Exercise instructions: From the data below, set down exactly the lines between the one holding "どこでお金を借りたか?という" and the one holding "薬液を注入して地盤強化した宅", inclusive, and no others.

Data for processing:
◆ ◆ ◆

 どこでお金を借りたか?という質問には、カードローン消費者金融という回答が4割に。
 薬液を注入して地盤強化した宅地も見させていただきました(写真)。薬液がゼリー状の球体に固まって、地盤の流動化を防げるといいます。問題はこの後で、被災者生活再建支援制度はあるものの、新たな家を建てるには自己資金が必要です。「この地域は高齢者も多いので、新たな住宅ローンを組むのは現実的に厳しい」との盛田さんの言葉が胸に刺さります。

◆ ◆ ◆

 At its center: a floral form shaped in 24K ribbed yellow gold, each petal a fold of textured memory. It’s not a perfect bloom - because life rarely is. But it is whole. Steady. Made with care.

◆ ◆ ◆

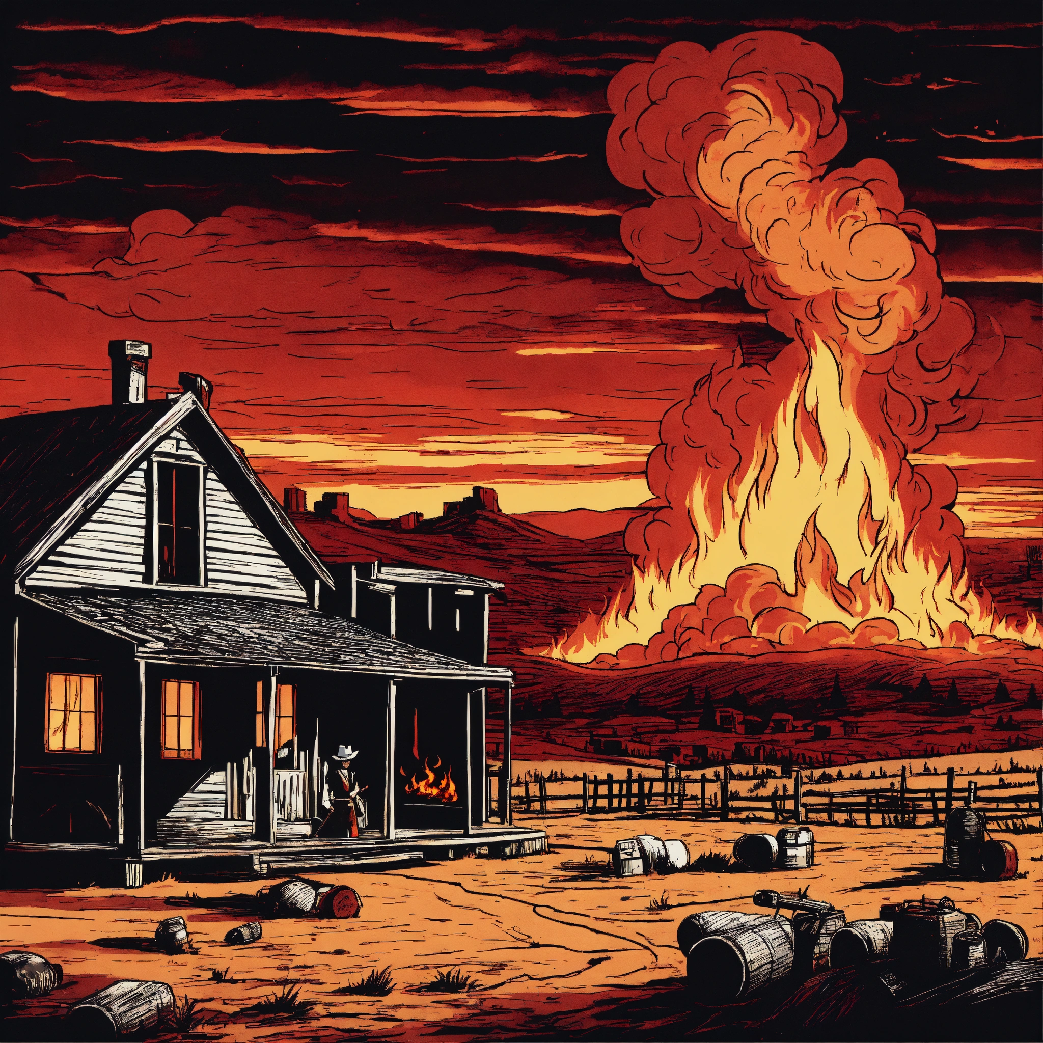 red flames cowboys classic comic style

◆ ◆ ◆

Response area:
 どこでお金を借りたか?という質問には、カードローン消費者金融という回答が4割に。
 薬液を注入して地盤強化した宅地も見させていただきました(写真)。薬液がゼリー状の球体に固まって、地盤の流動化を防げるといいます。問題はこの後で、被災者生活再建支援制度はあるものの、新たな家を建てるには自己資金が必要です。「この地域は高齢者も多いので、新たな住宅ローンを組むのは現実的に厳しい」との盛田さんの言葉が胸に刺さります。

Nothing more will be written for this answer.